Loading object (dynamic) my-cool-library ... failed.
*** Deleting temp files:
Deleting:
*** Deleting temp dirs:
Deleting:
<command line>: user specified .o/.so/.DLL could not be loaded (addDLL: my-cool-library or dependencies not loaded. (Win32 error 126))
Whilst trying to load:  (dynamic) my-cool-library
Additional directories searched: (none)

So where does the error you as the user sees comes from? When GHC’s runtime linker cannot find the path to a library, it is forced to assume the library must be a DLL on the user’s system search path. The error 126 comes from the Windows loader which means

ERROR_MOD_NOT_FOUND

    126 (0x7E)

    The specified module could not be found.

More at https://docs.microsoft.com/en-us/windows/desktop/Debug/system-error-codes--0-499-

Error 126 can be caused because it either can’t find the DLL or one of it’s transitive dependencies. To figure out the exact reason for the failure one can enable loader snaps and get debug output from the Windows’s dynamic loader.

Conclusion

Hopefully this has shown why the GHC runtime linker is unable to find your DLL and how to do proper linking on Windows.

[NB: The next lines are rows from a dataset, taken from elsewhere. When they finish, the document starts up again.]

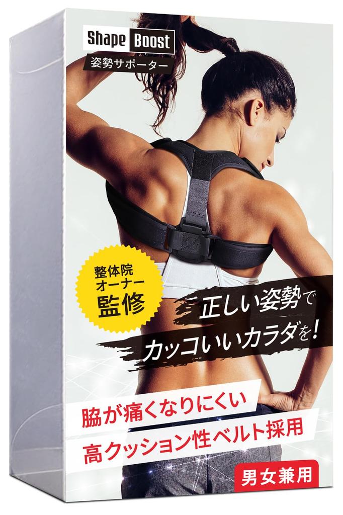 ① [Get a cool body with proper posture!] Modern people tend to have poor posture, such as hunched backs and rounded shoulders, due to the long hours spent using computers and smartphones. Even if you consciously correct your posture, it often returns to its original state, making it difficult to maintain good posture. That's why the Shape Boost posture supporter was developed under the supervision of chiropractic clinic owner Kunitoshi Yukawa. Wearing it helps to pull your shoulder blades together, stick out your chest, and straighten your spine, helping you achieve good posture. ② [Highly cushioned belt to prevent armpit pain] Traditional posture supporters often cause armpit pain, making them difficult to wear for long periods of time. Shape Boost improves on this issue by using a thick, highly cushioned belt. This makes it comfortable to wear and allows for continuous wear without strain. ③ [Easy to wear, anytime, anywhere] The Shape Boost posture supporter can be worn while working, using your smartphone, watching TV, playing games, doing housework, and more, without taking up any additional time. Start with 10 minutes.
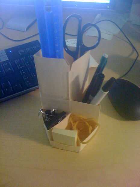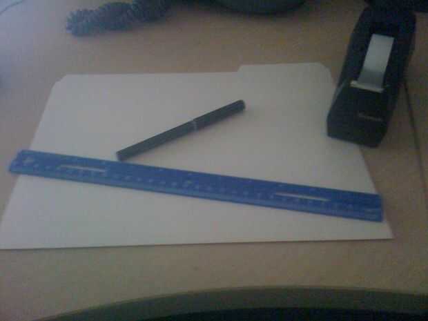 ¿Qué herramientas? Sólo un par de tijeras, un borde estrecho y una pluma. (Provechosamente, las herramientas muy usted va ser almacenamiento.)
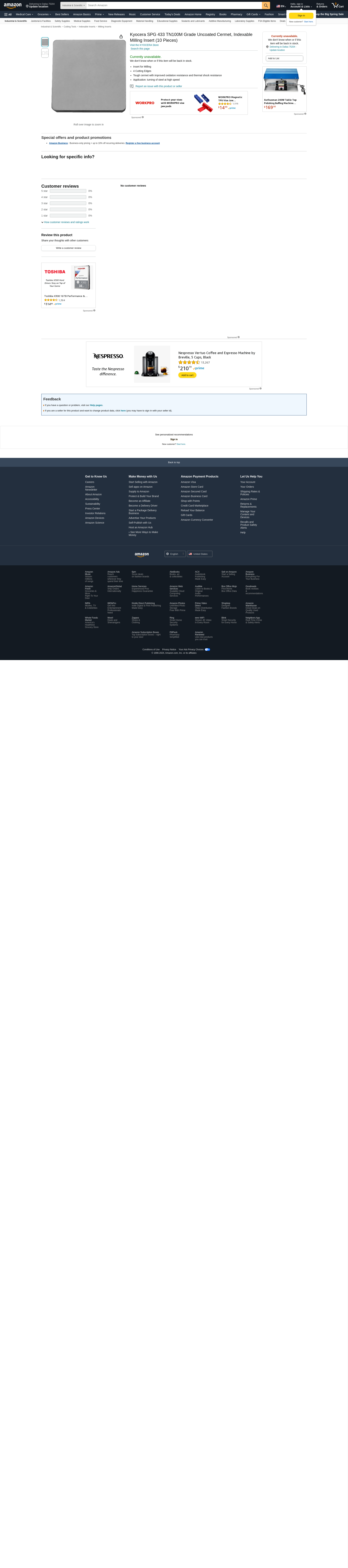 Kyocera SPG 433 TN100M Grade Uncoated Cermet, Indexable Milling Insert (10 Pieces)
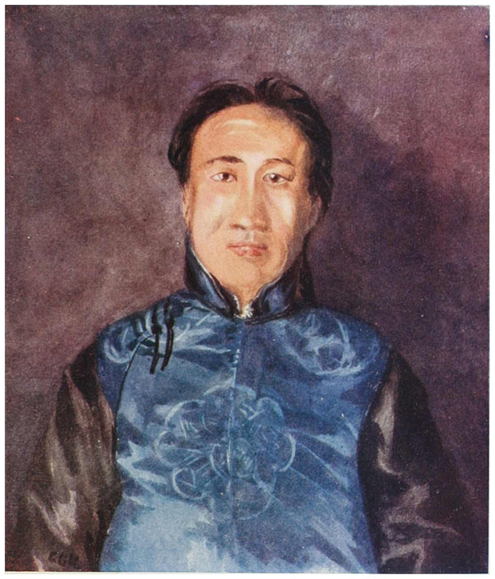 The next point was to secure a red-boat (= lifeboat), for which we applied to the British Consul, and he again had to apply to the Chinese General, who is always willing to provide one gratis to foreign travellers. The Consul—like many of his class in China—at once suggested every possible difficulty, and seemed to think that at his request we should meekly turn round and go home again. He told us that he had just refused to give the bishop a passport for some ladies travelling into Szechwan, and we were thankful that we had got ours—though not without difficulty and vexation— elsewhere. As we were backed up by advice received at the British Embassy at Peking with regard to our journey, the Consul could not refuse to apply for the red-boat escort, though later in the day he had the satisfaction of telling us that none was available. Happily, however, one came in before we started, so that we had No. 48 assigned to us on Friday evening. It was very wet all day, but I found an interesting subject to paint in a family ancestral tablet. On the right-hand side is a drum for worship, and on the altar in front of the tablet is a bronze vase in which burning sticks of incense are placed. On certain days the members of the family prostrate themselves before it, and offerings of cakes and fruit are presented by them.
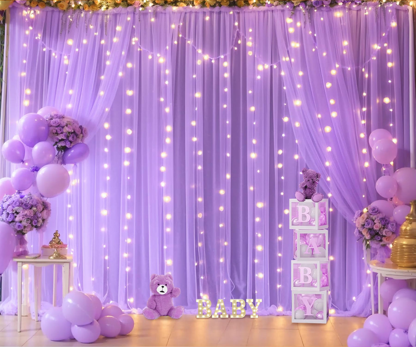 Lavender Sheer Backdrop Curtain With Led Lights For Baby Shower Girls Wedding10Ft X 10Ft Lavender Tulle Backdrop Curtain For Bri
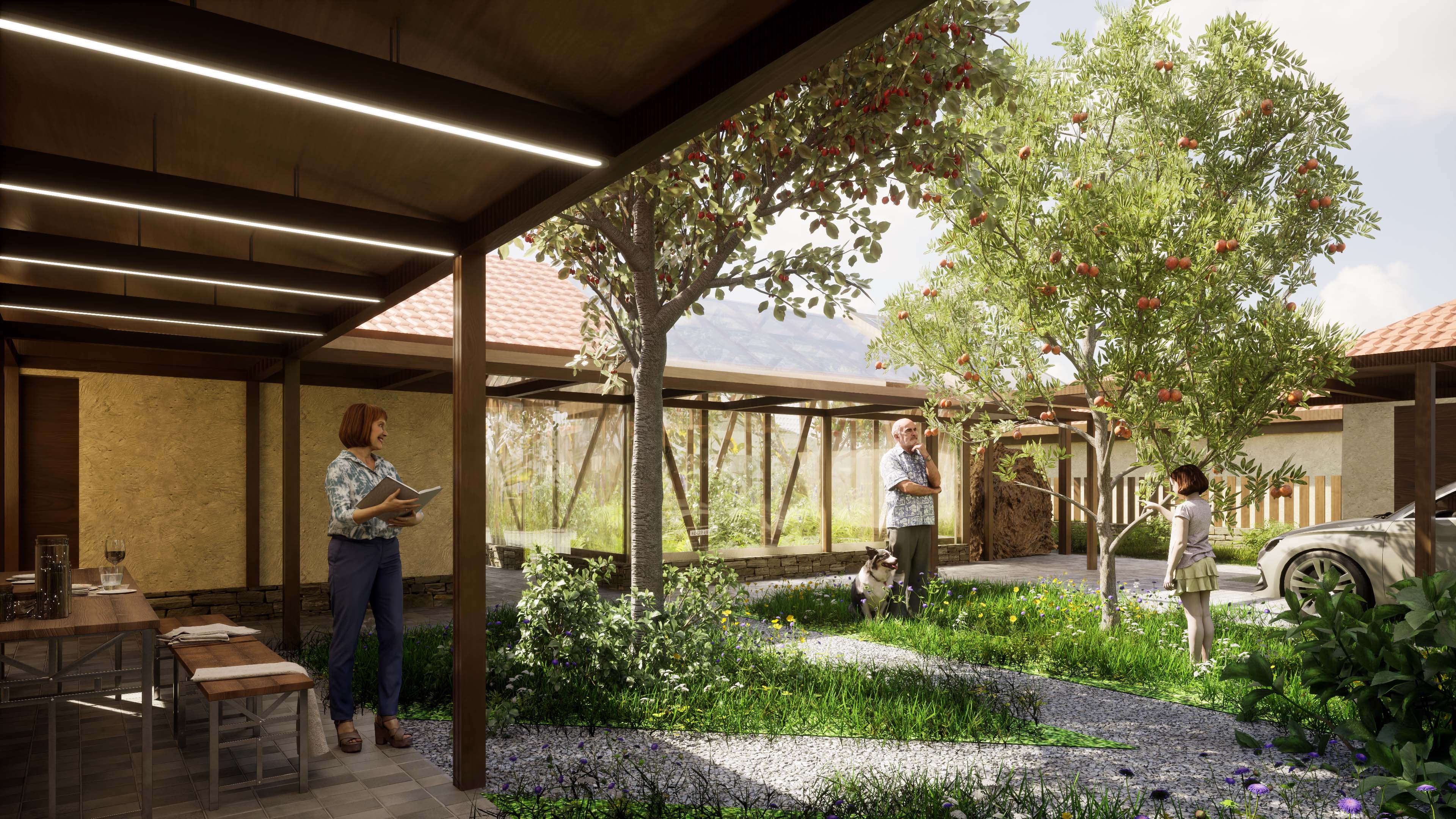 Щоб захиститися від пекучого сонця, архітектори пропонують облаштувати по периметру кожного двору перголи та галереї, сформувавши патіо. Тут, в подальшому, ростимуть фруктові дерева.
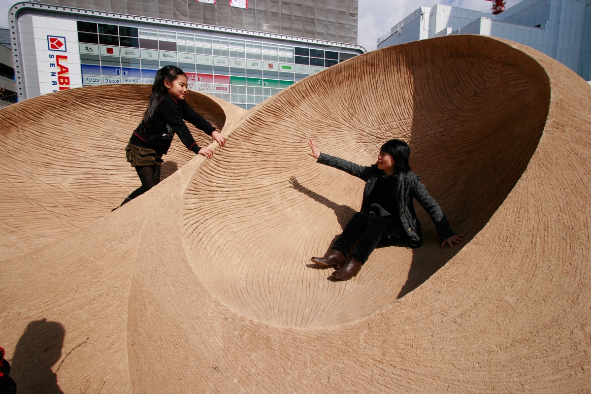 大地は動き 生命は巡る 時もあらゆるものも 止まらない 螺旋の動きのように つづいていく それはまるで縄のよう 環境芸術 / 彫刻家 八木マリヨ 2008年 2月 竣工
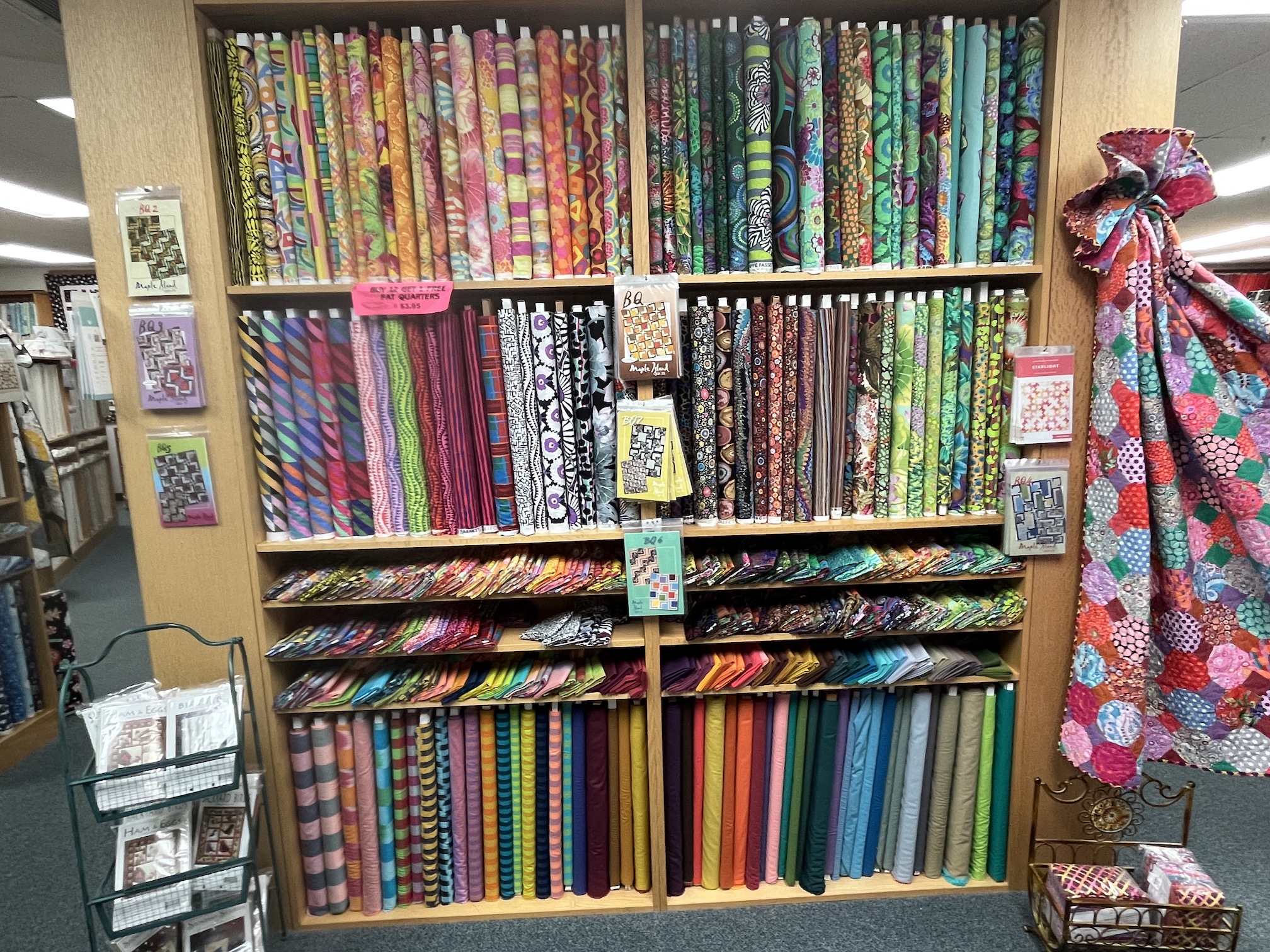 One day I did take J to a quilt shop – we visited Holly’s Cabin quilt shop and J was amazing by their extensive collection of curated Kaffe Fassett fabrics on display:

If there’s anything I hope people take away from this it’s: never link directly against a dll on Windows.

Starting with GHC 7.10.x I have started to add import library support to GHC. With GHC 8.x this work has been mostly completed. The remaining issues are just internal organization issues rather than functional changes.

This work is also the basis of getting a dynamically linked GHC to work on Windows. More on this at a later date.